A professora segura pela mão as crianças que estão agrupadas em duas filas, uma composta por meninas e a outra por meninos. Ela fica entre as duas filas e vai caminhando em direção à sala. No percurso as crianças fazem queixas umas das outras. Uma das meninas diz: “Tia, tia, ela tá botando a mão em mim!”. Mas a professora, como se não ouvisse, segue caminhando em direção à sala. Quando chegam à porta da sala, a professora solta a mão da fila das meninas e parece dar um comando para que os meninos parem e esperem até que as meninas entrem e sentem nos lugares delas. Em seguida ela solta a mão dos meninos e deixa que também eles entrem e sentem-se. Ela espera um pouco do lado de fora. Depois entra e segue em direção às mesas organizando-as. Nesse momento a professora diz: “Guarda os brinquedos agora. Guarda os brinquedos, guarda os brinquedos!”. Ela fala mais alto: “Guardar os brinquedos, pois se eu pegar eu não devolvo!”. Ela fica olhando para as

crianças com os brinquedos esperando que eles guardem e diz: “Guardou?!” (2º DIA, 1º MOMENTO).

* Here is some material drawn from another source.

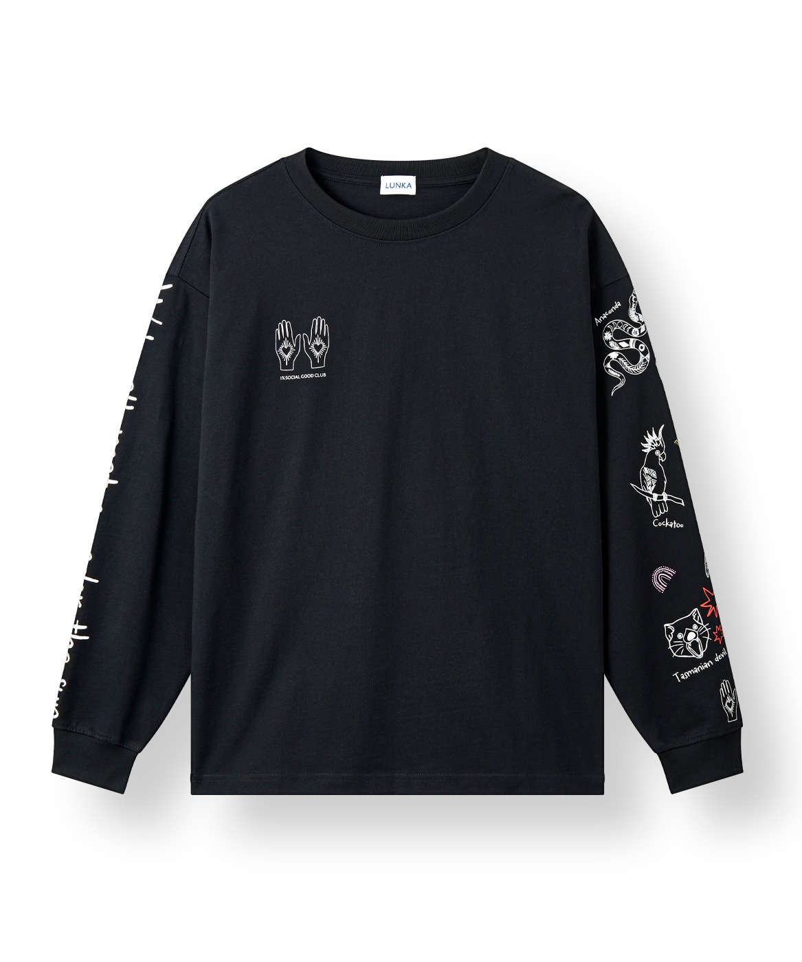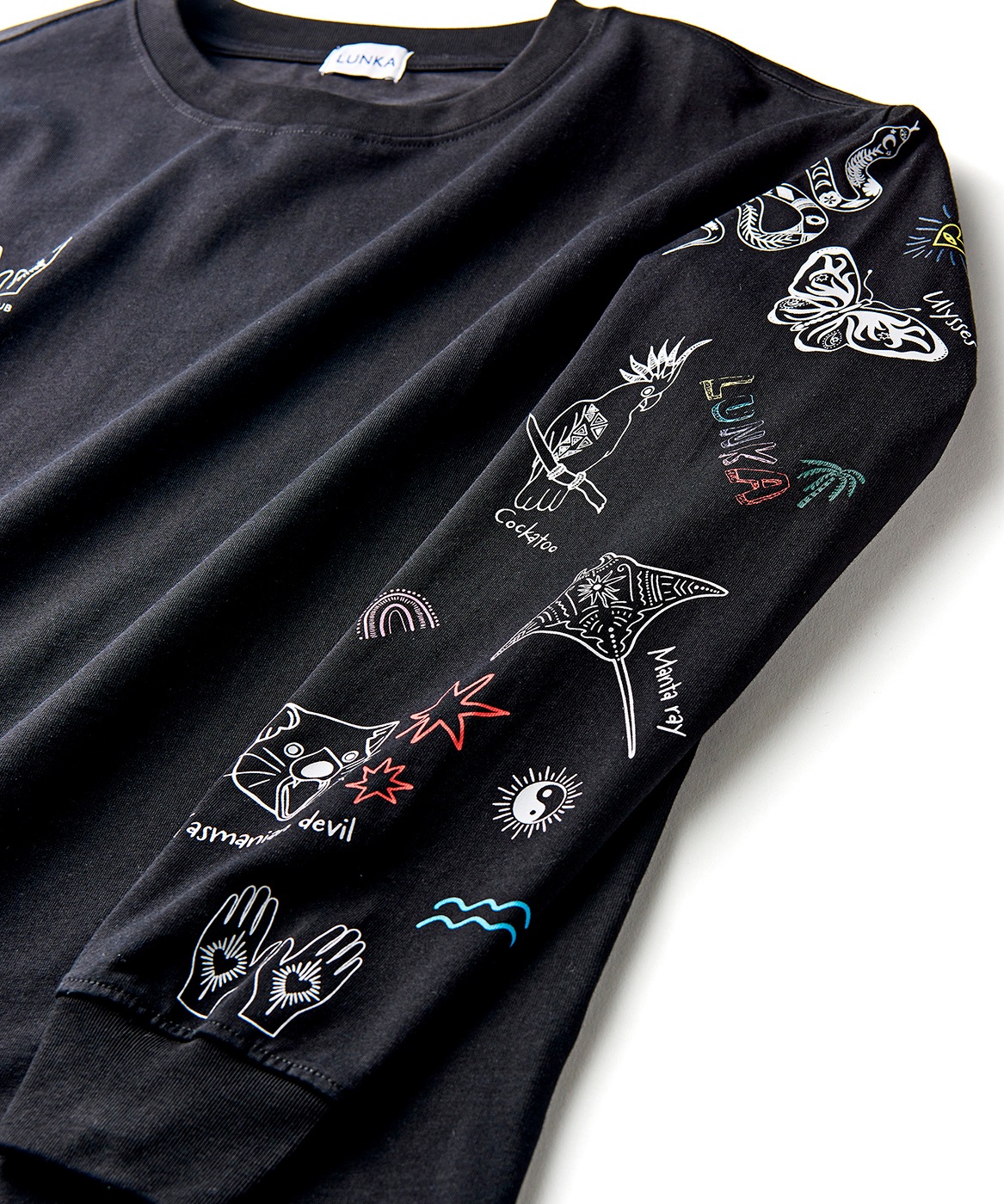 【LUNKA】OZ Sleeve Print Long T-Shirt(Adult) Black

Não a vimos se colocar no mesmo nível físico das crianças nenhuma vez e, em geral, quando fala com eles é em tom e postura (apontando o dedo, mão na cintura) de ameaça ou desprezo. Margarida gasta muito tempo, do período em que deveria estar com as crianças, organizando materiais, corrigindo tarefas, decorando a sala ou carimbando os livros. Aliás, são constrangedores os momentos de carimbo dos livros, como podemos verificar na descrição a seguir:

As crianças folheiam os livros para encontrar a página que a professora pediu. A professora pergunta: “Todo mundo achou?”. Em seguida, vai até sua mesa procurar uns carimbos para corrigir a atividade que havia passado para as crianças fazerem em casa. Uma criança se levanta e vai até ela mostrando que achou a página e a professora olha e diz: “Deixa aí em cima, deixa que é já que eu vou olhar.”. As crianças querem ver as tarefas umas das outras e por isso trocam de livro, quando a professora vê, pede que destroquem: “Não, de quem é o livro? Cada um com seu livro, você com o seu e ela com o dela.”. A professora segue para corrigir as tarefas das crianças, sai carimbando a página do livro que não foi respondida e vai dizendo o nome da criança: “José, levou a tarefa para casa e não fez a tarefa.” “Maria, fez a tarefa mal feita.” E nesta atitude a professora passa de mesa em mesa. [...] “Você não fez. Deixa eu carimbar. Quem mais não fez? Levam a tarefa para casa e as mães não fazem.” E ainda acrescenta: “Mostre esse carimbozinho para a sua mãe, viu? Quando chegar em casa.” (2º DIA, 3º MOMENTO).

Todos os dias há sessão do carimbo. Ele serve como instrumento de punição para quem não faz a tarefa e as crianças devem mostrar para a família. É como um modo de Margarida cobrar dos pais o acompanhamento de seus filhos. Contudo, aquelas crianças que fazem as tarefas não recebem nenhum elogio ou encorajamento.